A Patchwork Family by Cathy Bramley

A patchwork Family TBR

Love, friendship and family come in all different shapes and sizes…

Gina has been going with the flow for years – she’d rather have an easy life than face any conflict. She runs her childminding business from her cottage at the edge of The Evergreens, a charming Victorian house and home to three octogenarians who have far too much fun for their age.

But when The Evergreens is put up for sale, Gina and the other residents face losing their home. To protect her business and save her elderly friends from eviction, Gina must make a stand and fight for the first time in her life.

As Gina’s ideas for saving The Evergreens get bigger and bolder, she starts to believe it might just be possible. The only thing is, does she believe in herself?

Also published on 19th March 2020, A Patchwork Family is available for pre-order here.

Like A House on Fire by Caroline Hulse

I don’t even have a ‘to be revealed cover’ for this one yet so I’m including Caroline’s previous book, The Adults available through these links!

the adults

George and Stella’s marriage is over. They can’t decide exactly when that happened (Was it the coke can?
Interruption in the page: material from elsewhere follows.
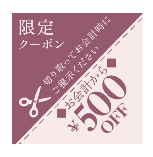 裏面のクーポン部分は全体のデザインには馴染ませつつも、コントラストは強めにし目立つようにしました。また、斜めに切り取り線を入れ、ユーザーが切り取って使用しやすいように工夫しました。

Or that comment about Jurassic Park?), but they both agree that it has.

A couple of months after the separation, Stella’s mother, Margaret “The Force of Nature” Foy sends out invites for her murder mystery anniversary party – with George on the invite list. Stella hasn’t told her parents about the divorce, she couldn’t bring herself to. And with her father’s business shutting down, Margaret’s recent cancer diagnosis, and some very odd behaviour from her older sister Helen, now is clearly not a good time.

All they have to do is make it through the day without their secret being discovered. And in doing so, they may find each other again – or see their past and future both go up in flames…

Like A House on Fire will be published on 30th April and is available for pre-order here.

I’m well aware what a privilege it is to be invited to these events and I know how lucky I am to attend. Once again, I’d like to thank the Orion team for inviting me and I hope Linda’s Book Bag readers find some lovely new reads through this post.